Once You Use Bitcoin You Can’t Go ‘Back’ — And That’s Its Fatal Flaw

Banks rely on the reversibility feature every day to stop fraudulent activities. Bitcoin robbery casesaren’t just rising because of interest in the currency — the most recent is a European bitcoin payment processor losing $1M after a DDoS attack — they’re rising because robbing a bank online involves much less friction than doing so in person.

  • To steal a million dollars hidden under mattresses, a thief needs to break into thousands of homes.
  • To steal a million dollars from a typical business’s bank account, thieves need to transfer it to a network of roughly 100 money mules.
  • Each mule must then withdraw less than $10,000 from their account within a short period of time, take the cash to Western Union, and wire the money to the thieves. (This is why those running the mules can claim up to 40-50 percent of the take!)
To steal a million dollars worth of bitcoins stored by a business, however, a thief only needs the private key. Likewise, to steal $1000 worth of bitcoins each from 1000 people, the thief only needs to have his or her bot software running on enough victims with enough bitcoins to automate the process.

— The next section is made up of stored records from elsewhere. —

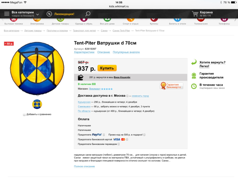 Я не доверяю ватрушкам, ребенок маленький, не может остановить ватрушку, а едет она хорошо и далеко, мало ли что)
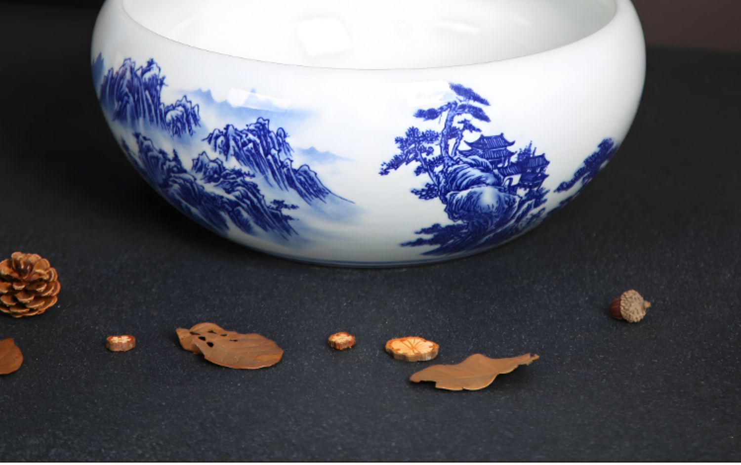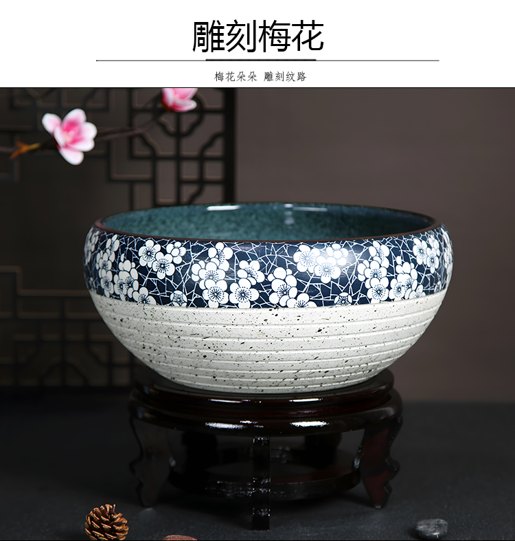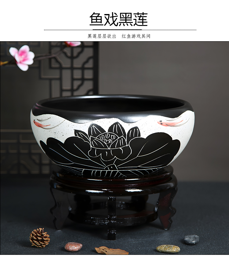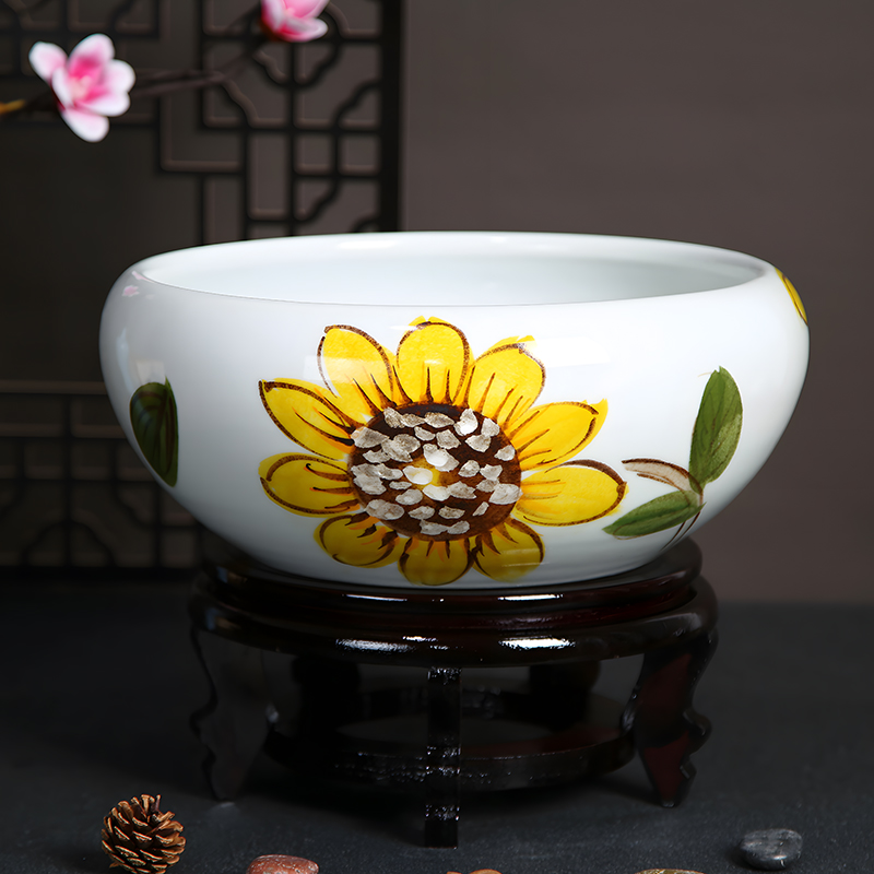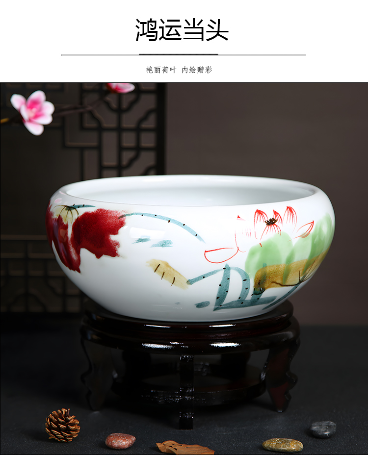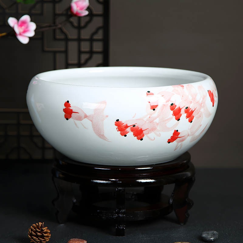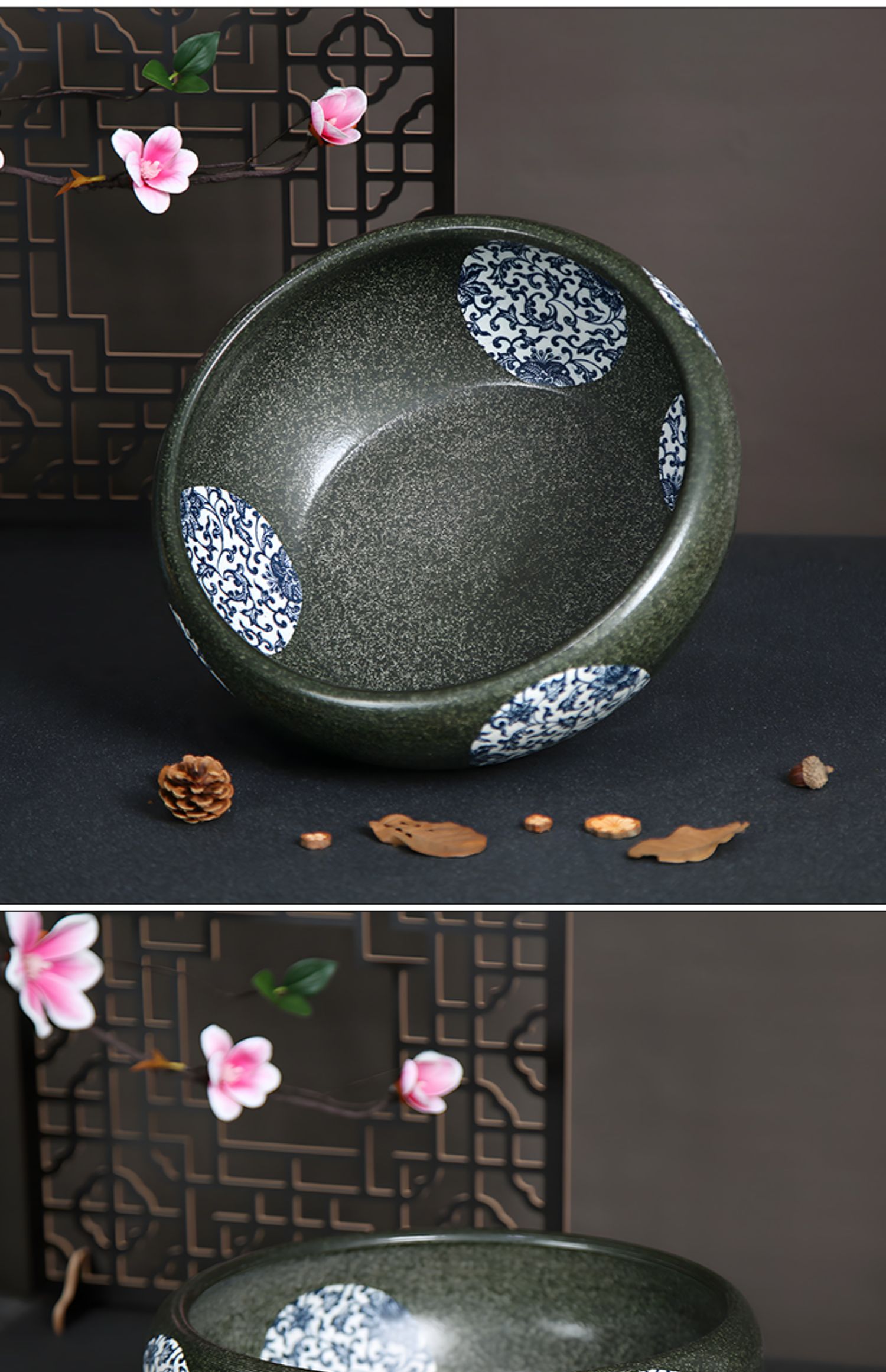 Jingdezhen 세라믹 화분 파란색과 흰색 도자기 연꽃 냄비 물고기 탱크 수련 탱크 오픈 분재 그릇 연꽃 탱크스토어 가기
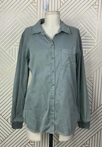 Stateside Button-Down in Green. Long sleeve Button down Collared Pocket on front Distressed at hem Two tone darker green at sleeves and back Ribbed cuff on sleeves Size US Small 100% pima cotton Machine wash cold Armpit to armpit is approx 19" Length is approx 27"
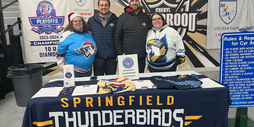 Behind us are (Left to right) Broomball Championship Jacket, Springfield Indians Game worn Jerseys (Blackhawks, Islanders & Whalers affiliations), Falcons Game worn Jersey & T-Birds Calder Cup Finals Game worn jersey, Springfield Indians Sweatshirt, 1990 Calder Cup T-shirt & 2 Booster Club Convention T-shirts.
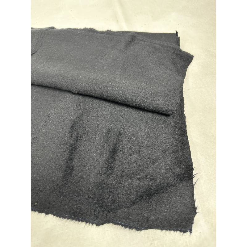 Antiguo retal de tejido de paño negro, por una caras es de pelo peinado.
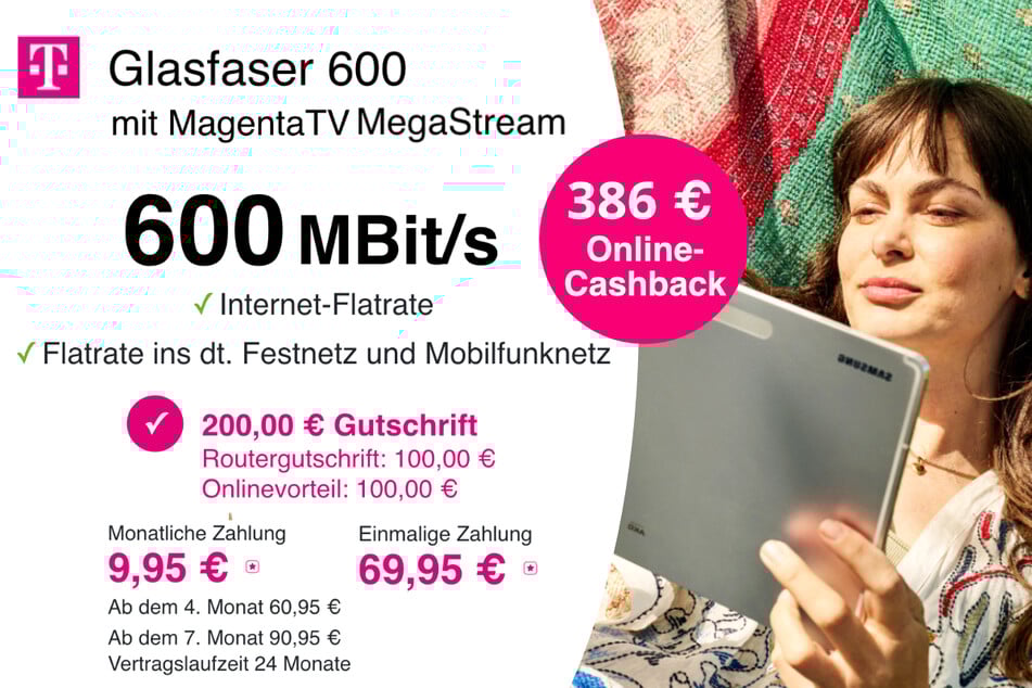 - 9,95 Euro pro Monat - Glasfaser 600 + MagentaTV MegaStream
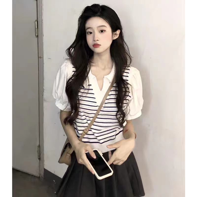 POLO领条纹假两件冰丝短袖T恤女夏季修身内搭打底衫薄款v领上衣
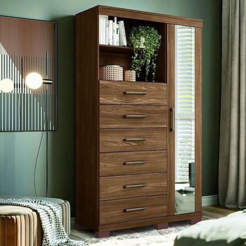 Cômoda Multiuso 1 Porta 6 Gavetas Com Pés E Espelho Marabá Santos Andirá Jatoba A Comoda Multiuso Maraba e um movel incrivel que pode ser utilizado em varios ambientes da casa: na cozinha, na garagem, no quarto, na lavandeira. Suas inumeras utilidades permitem guardar muitos objetos. Possui 6 gavetas amplas com corredicas metalicas e 1 porta com varias prateleiras. E muito espaco para guardar tudo que precisa. Caracteristicas Material da Estrutura: MDP Tipo de Acabamento: Pintura UV Quantidade de Portas: 1 Tipo de Abertura das Portas: Articuladas com dobradicas Metalicas Quantidade de Gavetas: 6 Tipo de Corredicas: Metalicas Telescopicas Tipo de Puxadores: Plastico ABS Quantidade de Prateleiras: 4 Itens Inclusos na embalagem: Comoda, kit ferragens e manual de montagem. Sistema de Montagem: Cavilhas, Parafusos e Minifix Recomendacao de Limpeza: Nao limpar com alcool ou qualquer outro produto quimico, utilize somente pano seco ou levemente umedecido. Garantia do Fabricante: 3 meses

This means bitcoins should never be “stored” on an internet-connected device. That includes our computers and our smartphones. (And have you heard the one about the guy who keeps his key on his finger?) Let’s pause for a moment to reflect on that: What sort of online currency requires using offline computers and objects for all storage?
Now, it is theoretically true that stolen coins could be blocked. If a portion of the network blocks stolen bitcoins today, then the same mechanism could block bitcoins that passed through black markets or offshore exchanges (such as BTC-e) that don’t implement anti-money-laundering protections. Yet the bitcoin community strongly resists the idea of blacklists, because it eliminates fungibility — the notion that all bitcoins are identical — which is essential for a currency. If every dollar used in a drug deal couldn’t be used again, would dollars work as currency? Especially if, sometime after acceptance, a dollar becomes void and blacklisted after the fact because of its previous involvement in a crime?